Хочу я или не хочу, зло уже свершилось, и мое веское слово может отправляться куда подальше.
– Что ж, рассказывайте, Шестьсу, только прежде подлейте мне чего покрепче: чувствую, я начинаю терять свою весомость.
Все это происходит в «Зебре», последнем оставшемся в Бельвиле кинотеатре, стол накрыт прямо на сцене, и мы в восемнадцать ртов уплетаем кускус Ясмины. Мое племя Малоссенов: Клара, Тереза, Лауна, Жереми, Малыш, Верден, Это-Ангел, Джулиус, моя собака, и Жюли, моя Жюли; прибавьте сюда еще Шестьсу Белый Снег, естественно, нашу давнюю приятельницу Сюзанну, держательницу «Зебры», и весь многочисленный табор Бен-Тайеба, который, будь все по закону, спал бы сегодня в четырех голых стенах, в квартире, откуда уже давным-давно вынесли бы всю мебель. Восемнадцать голов, увязших по уши в одном наисерьезнейшем деле и, может статься, уплетающих свой последний кускус здесь, на свободе, в последнем действующем кинотеатре Бельвиля.

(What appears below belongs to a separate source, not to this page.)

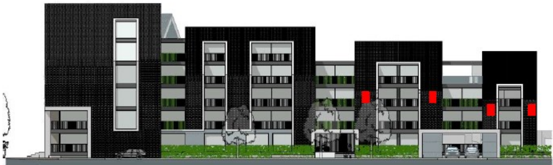
Figuur 2. Locaties inmetsselstenen in concept-tekening (rode rechthoeken), situering aan de Herenstraat. Deze inmetsselstenen worden zodanig geplaatst dat zij zo dicht mogelijk in de buurt van de huidige verblijfplaats zijn gesitueerd, met dezelfde oriëntatie.

– Самое ужасное… – начинает Шестьсу Белый Снег.
(Насчет этого нашего собрата разговор отдельный…)
– Самое ужасное – это было… мухи!
– Прошедшее! – вскрикивает Малыш из-за своих розовых очков. – «Было» прошедшее третьего лица единственного лица глагола бытъ !Это: «э.т.о.», было: «б.ы.л.о.»! Ты должен был сказать: «это были» мухи.
– Допустим, – уступает Шестьсу Белый Снег. – А как у тебя со счетом в уме, парень? Ну-ка скажи, 2667 подгузников, каждый в среднем по 300 грамм, сколько это будет?
– Восемьсот кило дерьма! – прорывается Жереми.
– Жереми, ты забыл, что мы за столом, – скрипит Тереза, положив вилку: у нее подобные разговоры отбивают аппетит.
– Точно! Восемьсот килограмм и еще сто грамм в масленке.
***Нет, решительно никуда не годится, Тереза права. От всего этого омерзительно пахнет. Одно дело – приструнить разболтавшегося шалопая, время от времени это даже необходимо; но допускать безвкусицу, поправ всю историю культурного развития человечества, – никогда! Так что даже не думайте вслед за Шестьсу пускаться в долгие вычисления, из которых следует, что если один грамм дерьма дает сонм зеленых жирных мух каждые шесть часов, то восемьсот килограммов того же сырья, преющего в течение трех первых недель самого жаркого месяца июля в одной из квартир Бельвиля (на солнечной стороне, да при закрытых окнах), дадут такое количество этой насекомой мерзости, перед которым бессильна всякая арифметика, разве что подсчитать в сантиметрах толщину живого ковра, покрывающего в сумме всю площадь поверхности пола, стен и потолка.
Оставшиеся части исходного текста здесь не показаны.